The film also includes unidentifiable dog, fox, pig, squirrel, bear, raccoon, goose, and chicken characters. The DVD print reveals that the graveyard scene also includes tombstones containing famous performers, including Gladys Knight & the Pips, Bob Mills, and Warren Oates.

==Musical numbers==
Multiple musical numbers were featured in the 1974 record and 1982 reissue, but were removed from the film.

1974 Version:
Side One:
- "Money" - Scrooge, Cratchit
- "The Way Christmas Ought To Be" - Scrooge, Cratchit
- "Being Tight Is Not Alright" - Marley
- "Under The Mistletoe Pt. 1" - Chorus
- "Under The Mistletoe Pt. 2" - Chorus

Side Two:
- "We Have Love" - Cratchit Family
- "What A Glorious Christmas Morning' - Chorus
- "They Won't Know Me" - Scrooge
- "The Way Christmas Ought To Be (reprise)" - Scrooge, Cratchit, Chorus
- "What A Glorious Christmas Morning (reprise)" - Chorus

1982 Reissue:
Side One:
- "Oh, What A Merry Christmas Day" - Chorus
"Money" - Scrooge, Cratchit
- "The Way Christmas Ought To Be" - Scrooge, Cratchit
- "Being Tight Is Not Alright" - Marley
- "Under The Mistletoe" - Chorus

Side Two:
- "We Have Love" - Cratchit Family
- "What A Glorious Christmas Morning" - Chorus
- "The Way Christmas Ought To Be (reprise)" - Scrooge, Cratchit, Chorus
- "What A Glorious Christmas Morning (reprise)" - Chorus

The opening song, "Oh, What A Merry Christmas Day" was made for the cartoon, and appeared as the opening of the reissued record.

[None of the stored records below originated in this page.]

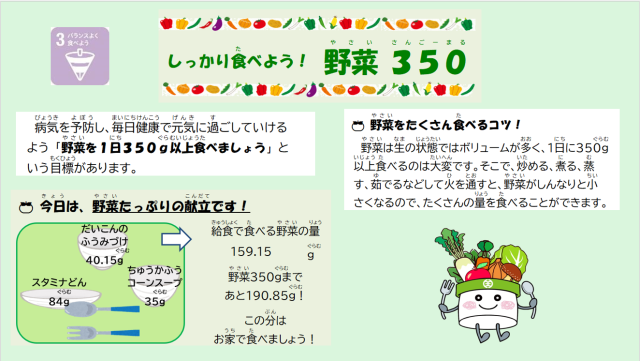 野菜をたっぷり使った献立を、もりもり食べましょう!
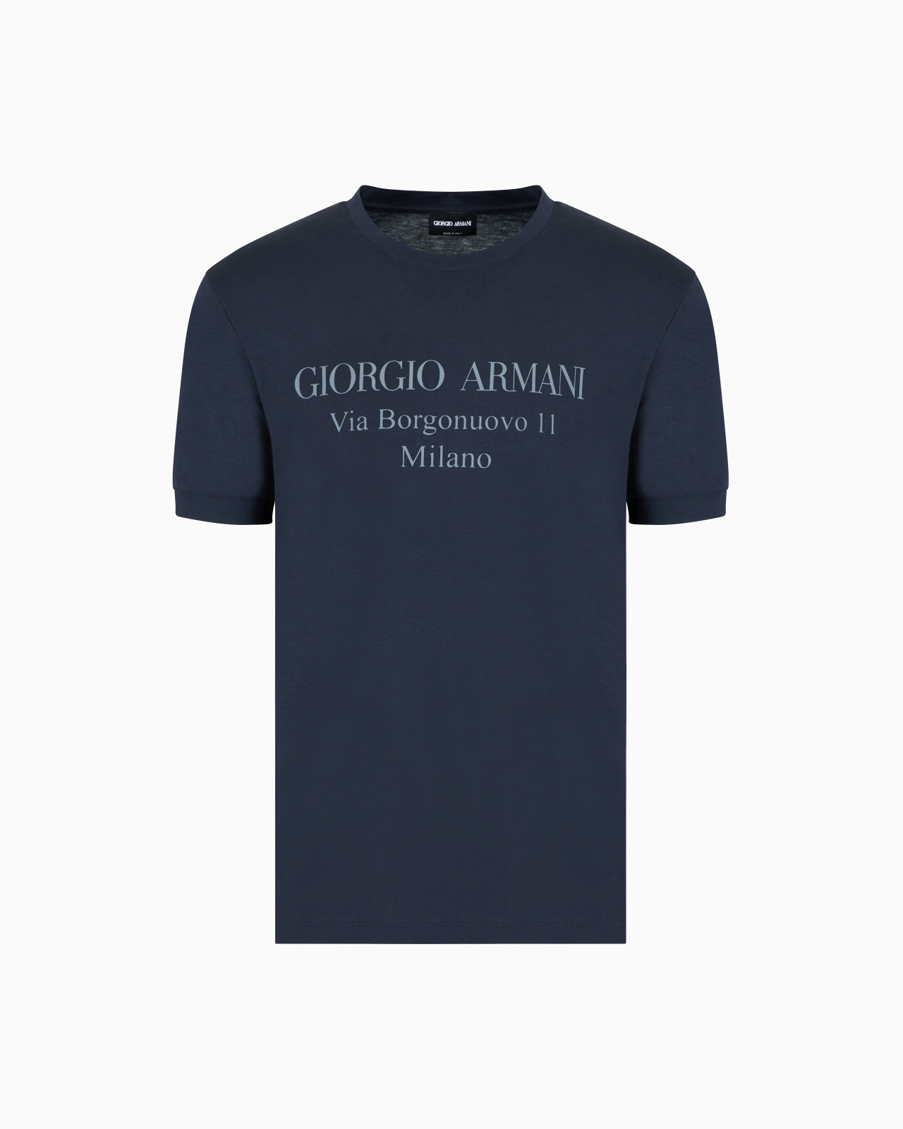 A symbol of casualwear, here the T-shirt is transformed into an exclusive, refined garment. Made from smooth cotton jersey, this style is embellished with the brand’s exclusive street address. Product Code: 3GST57SJMCZ1UBWF Details Composition 100% Cotton Crew neck Short sleeves Rolled, seamless collar and cuffs Contrasting water-print logo on the chest Made in Italy Fitting The model is 188 cm tall and is wearing size 48 / M
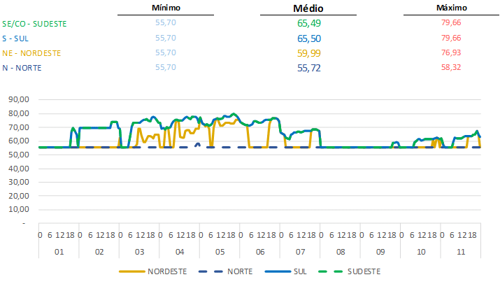 Contudo, durante os dias da semana os preços voltam a subir no Sul e Sudeste do país, ficando mais próximos de R$/MWh 60,00 em média.
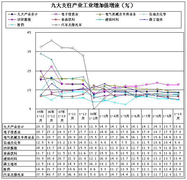 部分大类工业行业增速出现下降。6月起,部分行业当月增速呈现下降趋势。10月当月,37个大类工业行业中,15个行业增速低于10%,5个行业负增长,32个行业增速比去年同月下降,其中,电子信息、石化、电器机械、设备制造、建材、钢铁等行业增速明显趋缓。
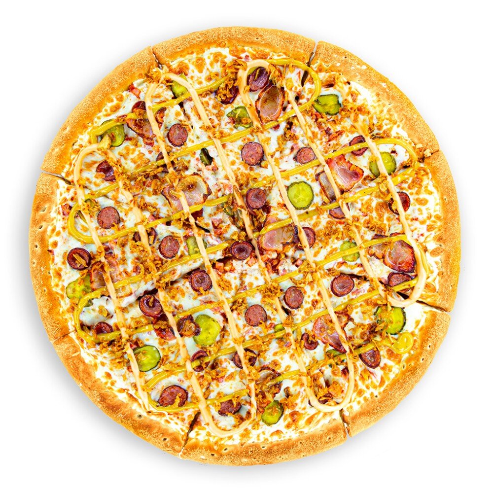Томатный пицца соус, ветчина, сыр моцарелла, колбаски охотничьи, огурчик маринованный, бекон, соус горчичный и кетчунез, хрустящий жареный лук
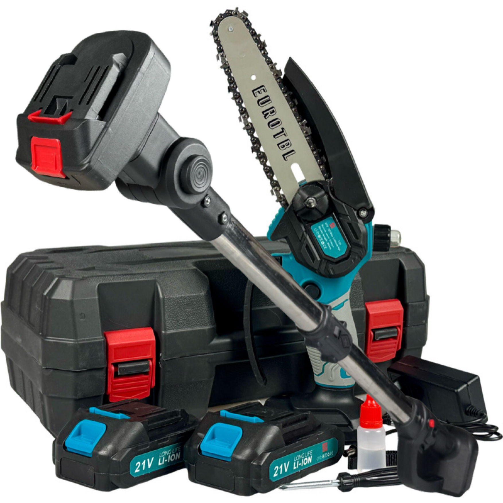Aku reťazová píla EUROTBL 6" s teleskopickou tyčou, 48V, automatickým mazaním a kufrom – ideálny pomocník pre každého záhradkára
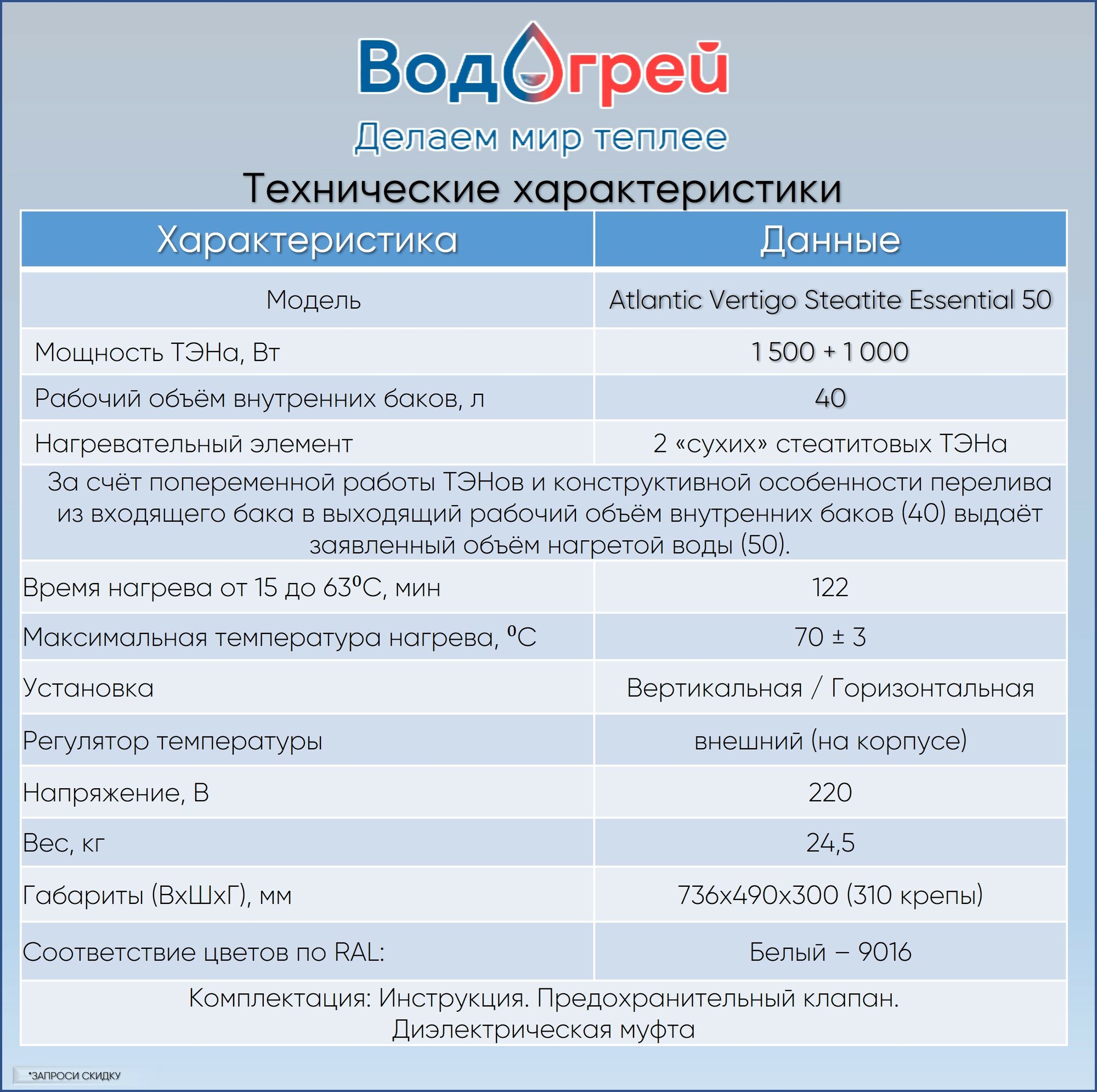 Водонагреватель Atlantic Vertigo Steatite Essential 50 (40 литров 1,5кВт+1кВт)
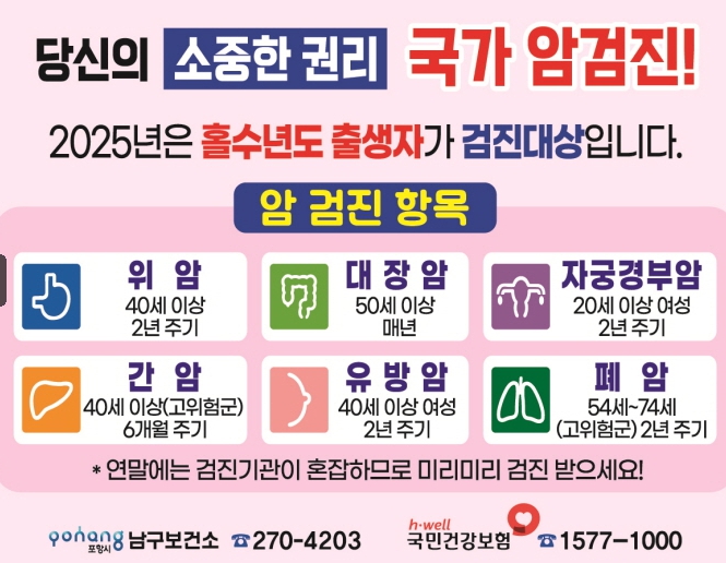 한편 포항시는 암 발생 시 취약계층(의료급여수급권자, 차상위 본인부담경감대상자) 및 소득·재산 기준에 적합한 18세 미만 소아암 환자를 대상으로 암환자 의료비도 지원하고 있다.

Some songs were shortened. "Money" and "We Have Love" have extra verses in the 1974 version that were cut out.

The first part of "Under The Mistletoe' was removed, along with Scrooge's short number, "They Won't Know Me." The reprise to "The Way Christmas Ought To Be" lyrically stays the same, but the keys are different.

==Production==
This was the first original Mickey Mouse theatrical cartoon produced in over 30 years. With the exception of re-releases, Mickey had not appeared in movie theaters since the short film The Simple Things (1953). The graveyard sequence was also the first time Disney tested the animation photo transfer process. Many additional characters seen in the film had also not appeared in a theatrical cartoon for several decades such as Horace Horsecollar and Clarabelle Cow. The film was also one of the final times Clarence Nash voiced Donald Duck before his death in 1985. Nash was the only original voice actor in the film as Walt Disney (Mickey Mouse) had died in 1966, Pinto Colvig (Goofy) in 1967, Bill Thompson (Scrooge McDuck), Cliff Edwards (Jiminy Cricket) and Billy Gilbert (Willie the Giant) in 1971, and Billy Bletcher (Pete and the Big Bad Wolf) in 1979. It also marked the first time in animation that Scrooge McDuck was voiced by actor Alan Young (who had first voiced the character on the musical album); Young would continue to be the primary voice actor for McDuck, most notably in DuckTales, until the actor's death in 2016.

==Reception==
On review aggregator website Rotten Tomatoes, the film holds a 100% approval rating with an average rating of 8/10 based on 8 reviews.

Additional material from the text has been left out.